• [YOUR GOAL] When you reach the line that contains "Stiltypisches Zierteil mit", set down that line and every one after it through the end of the records, exactly as written and with no pictures.

START INFORMATION PROVIDED

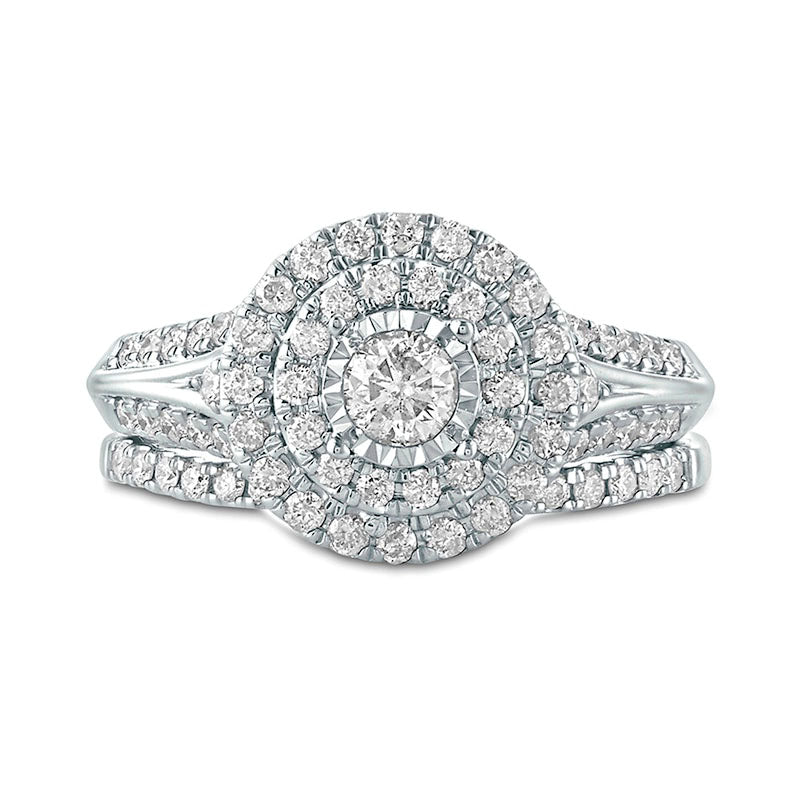 Make your love shine brightly with this stunning diamond bridal set. Expertly crafted in stylish 10K white gold, the engagement ring is designed to showcase a dazzling 1/4 ct. diamond at the center, cleverly set to maximize its brilliance and size. This beautiful diamond is encircled by a double frame of sparkling diamonds, highlighting its beauty and adding to the set's visual appeal. The split shank of the engagement ring is also adorned with diamonds, adding to its luxurious look. The matching diamond-lined band perfectly complements the engagement ring and adds further shine and sophistication. This set features a total of 1 ct. t.w. of diamonds and a bright polished finish that is sure to take her breath away. Seal your love on your special day with this stunning bridal set that she's been dreaming of.
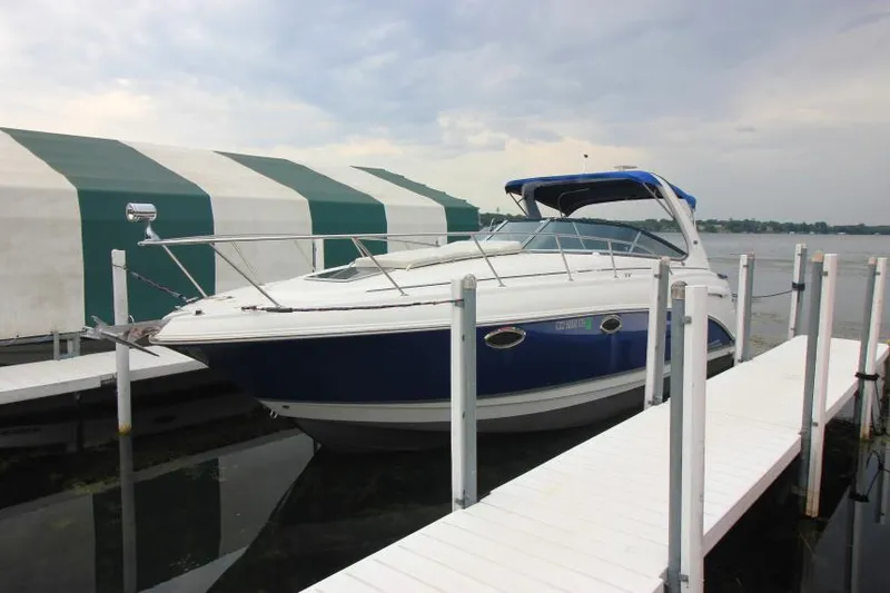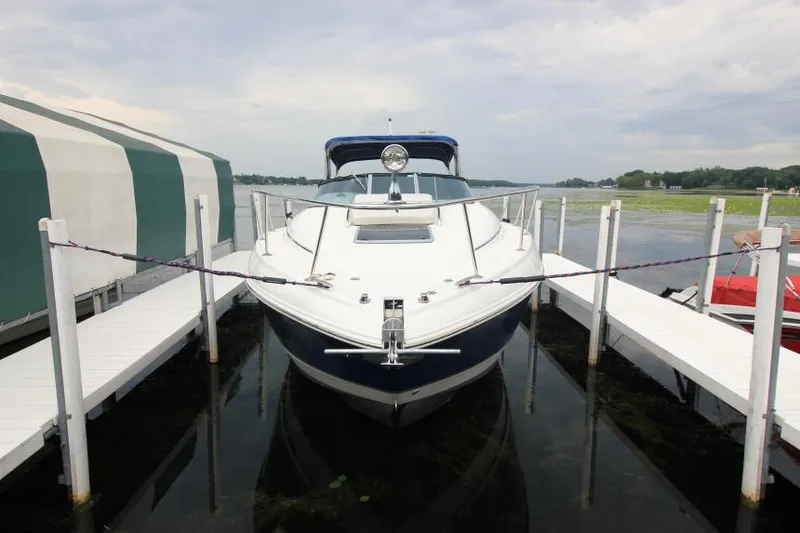 Twin Volvo 5.0L OSI engines w/Only 328 hours (The engines are ones that can be used in saltwater - these ones have only been in fresh water) Kohler generator w/Only 264 hours, AC/Heat, cockpit cover, bimini top, snap in/out "Better-than-teak" cockpit flooring, windlass anchor, upgraded Fusion marine stereo w/cockpit speakers, transom speakers, amplifier + subwoofer. Battery charger, Smart TV, full galley w/Refrigerator, microwave, stove, + sink. Extended swim platform w/Ladder, cockpit wetbar w/Sink, cockpit table, bow sun pad cushions, remote spotlight, private head w/Vacuflush toilet, V-birth filler cushion, transom shower, and more! This boat is fully loaded with great upgrades! As photos show, this boat has been very well taken care of inside and out. Always indoor stored during the fall/winter. Fresh water only! Call to schedule an appointment to view this beauty!
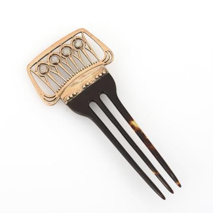 Stiltypisches Zierteil mit 4 zargengefassten Mondsteincabochons, an 3-zinkigem Kamm (Schildpatt?)
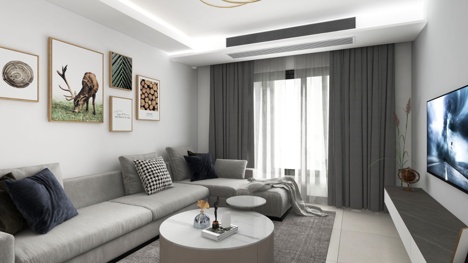 搭配灰色窗帘,无差别配色,更显整体***感。
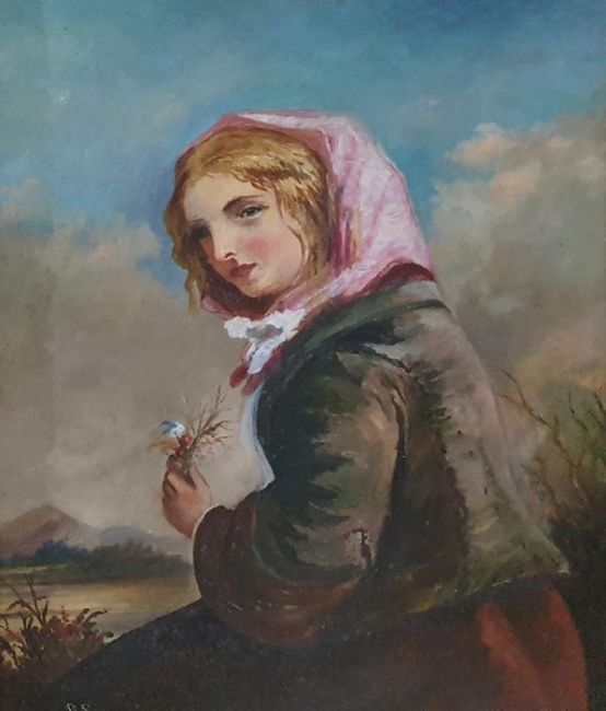 Continental 19th centuryOil on canvasHead and shoulders portrait of a young girl, wearing a pink scarf and jacket with fur cuffs,  holding a small bunch of flowers, mountainous background, initialled R S lower left, 27 x 22 cms approx.
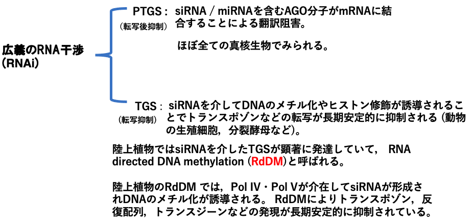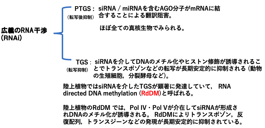 陸上植物で見られるRNAiによるTGSは、特にRNA dependent DNA Methylation, RdDMと呼ばれています。RdDMにより植物ゲノム中のトランスポゾンや反復配列,外来ウイルスなどの有害な遺伝的な因子の転写が長期安定的に抑制されています。この動画では陸上植物のRNA dependent DNA Methylationの機構について解説しています。

END INFORMATION PROVIDED

• [RESPONSE]
 Stiltypisches Zierteil mit 4 zargengefassten Mondsteincabochons, an 3-zinkigem Kamm (Schildpatt?)
 搭配灰色窗帘,无差别配色,更显整体***感。
 Continental 19th centuryOil on canvasHead and shoulders portrait of a young girl, wearing a pink scarf and jacket with fur cuffs,  holding a small bunch of flowers, mountainous background, initialled R S lower left, 27 x 22 cms approx.
 陸上植物で見られるRNAiによるTGSは、特にRNA dependent DNA Methylation, RdDMと呼ばれています。RdDMにより植物ゲノム中のトランスポゾンや反復配列,外来ウイルスなどの有害な遺伝的な因子の転写が長期安定的に抑制されています。この動画では陸上植物のRNA dependent DNA Methylationの機構について解説しています。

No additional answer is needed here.